Erdem Yildirmaks Lehrer hatte jede Menge Vorurteile. Aber Erdem ist weniger an den Diskriminierungen in der Schule verzweifelt als an den Grundsätzen unseres Bildungssystems. Seinen Weg hat er trotzdem gemacht und fordert jetzt, dass sich für die nächste Generation was ändern muss.
Meltem Sahin liebt Duisburg-Marxloh und will aus dem Stadtteil nicht mehr weg. Multikulti macht Marxloh für sie international. Ich treffe mich mit ihr und lerne, was echter Optimismus ist.
Dilem Kaya ist genauso alt wie ich. Aber sie hat bereits ganz konkrete Vorstellungen für ihre Kinder: Bildung ist wichtig, sagt die junge Berlinerin. Außerdem sollen sie in möglichst vielen Kulturen aufwachsen. Damit sie sich aus allen das Beste ziehen können.
Theresa ist Deutsche und Berat Özkaynak Türke. Genauso halten sie es auch in ihrer Ehe. Echte Deutschtürken können erst ihre Kinder sein, sagen sie. Es freut mich, wie harmonisch und liebevoll die beiden ihren Weg gefunden haben.
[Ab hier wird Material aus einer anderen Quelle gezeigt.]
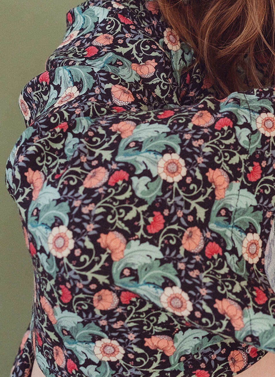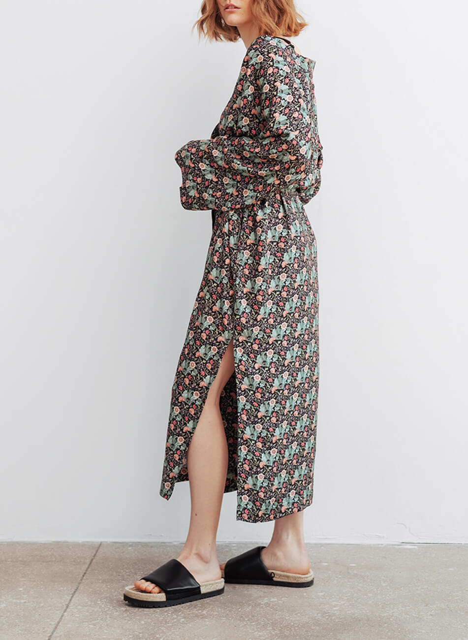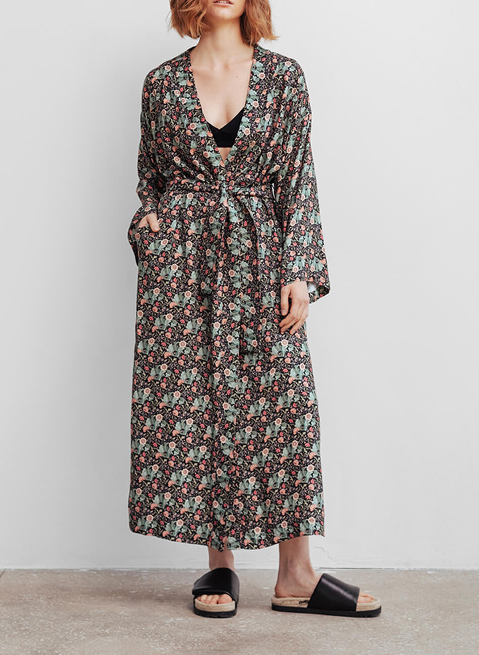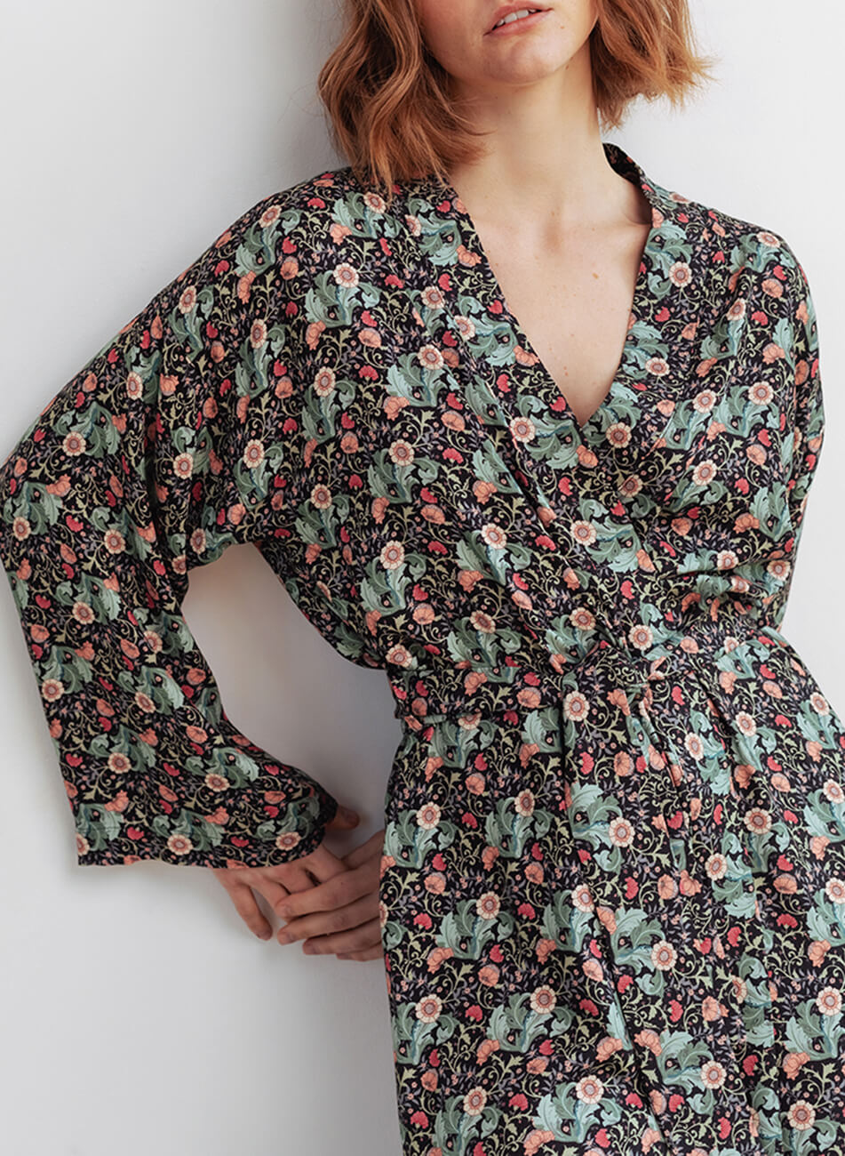 Тканина – віскоза, легка і приємна до тіла. Широкі рукави стандартної довжини. Халат на запах, з поясом на талії. Всередині є додаткова зав’язка на талії. З боків зручні кишені. Халат з розрізами вище коліна, Халат принтований у квіти на чорному тлі.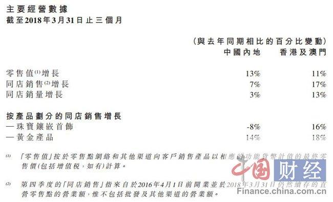 中國網(wǎng)財經(jīng)4月17日訊\u00A0\u00A0昨日,周大福珠寶集團(tuán)發(fā)布截至2018年3月31日止三個月未經(jīng)審核主要經(jīng)營數(shù)據(jù)。截至3月底2018財年四季度,周大福港澳和內(nèi)地市場同店銷售分別增長17%和7%,同店銷量增幅分別為13%和3%,零售額增幅分別為11%和13%。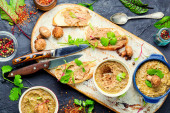 Stek mięsny ozdobiony kwiatami nasturcji. Stek wieprzowy w plasterkach, sałatka.

Marcel Kellner kommt aus Bottrop, meiner Heimat. Als er mir die Geschichte seiner italienischen Familie erzählt, mischt sich Xalo ein. Ich kenne den jungen Kurden nicht. Was schwierig beginnt, wird eine interessante Diskussion. Es geht um ehrlichen Respekt und Offenheit, sagen beide.